We dive deep into the story of TSG Hoffenheim and Julian Nagelsmann, in an effort to understand what makes them so special.
You’re in a 14 metre square cage, feet firmly planted inside a tight circle in the middle. There’s silence, for now, but also a sense of urgency. Then it begins. Footballs are fired at you from eight different machines and you must control and pass them into one of 72 squares depending on the green light. At the risk of sounding like a fancy and niche virtual reality game, this isn’t one. It’s as real as Leicester’s fairytale last season.
Called the “Footbonaut”, this is a machine designed by Berlin-based Christian Guttler in order to improve footballers’ reflexes, to sharpen their control and awareness of the ball until it becomes second nature. It’s also flexible depending on training needs. A tablet allows the user to control the number of balls per minute, their speed and spin, it provides stadium noise, and one can also add defenders into the circle so as to heighten that “match-day experience”.
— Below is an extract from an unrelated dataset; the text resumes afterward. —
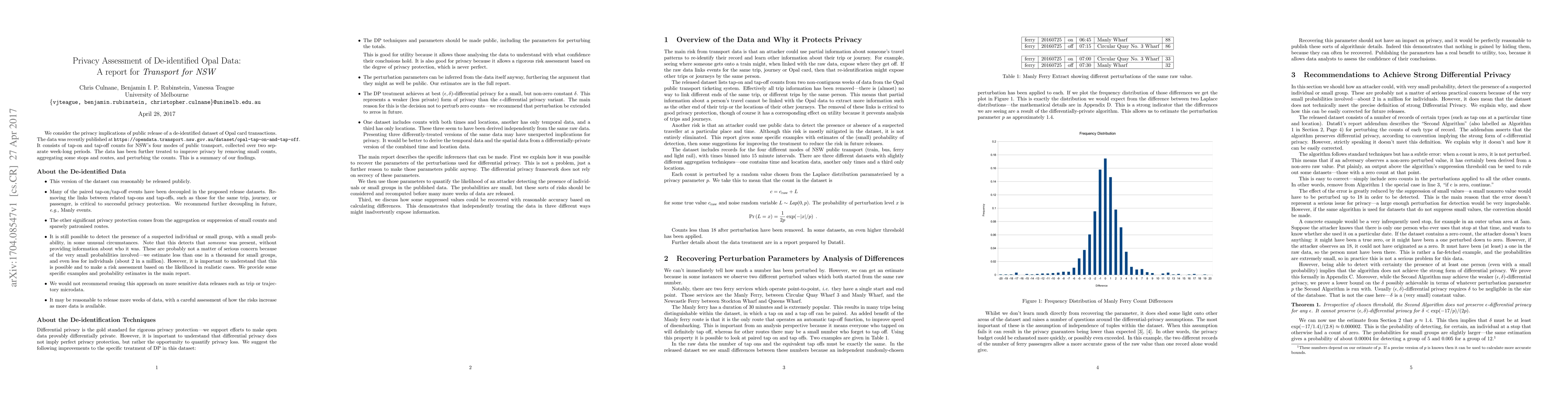 We consider the privacy implications of public release of a de-identified dataset of Opal card transactions. The data was recently published at https://opendata.transport.nsw.gov.au/dataset/opal-tap-on-and-tap-off. It consists of tap-on and tap-off counts for NSW's four modes of public transport, collected over two separate week-long periods. The data has been further treated to improve privacy by removing small counts, aggregating some stops and routes, and perturbing the counts. This is a summary of our findings.

The cliché of the Germans being disciplined, organised and determined is one rooted in fact. But it was not until the stumble of World Cup 1998 followed by the debacle of Euro 2000 (for the uninitiated, they failed to win a game and lost to England in a match that Ralf Honigstein in Das Reboot describes as “an all-round embarrassment of footballing poverty”) that the Deutscher Fussball-Bund realised that was a change was essential if they wanted to continue to be relevant. This change came in the form of an extensive system overhaul – the introduction of a strong youth policy to find and systematically develop homegrown talent, the use of cutting-edge technology and statistics, the shift in footballing ideology and an evolution of tactics and thinking in order to adapt to the rapidly advancing arena of modern-day football.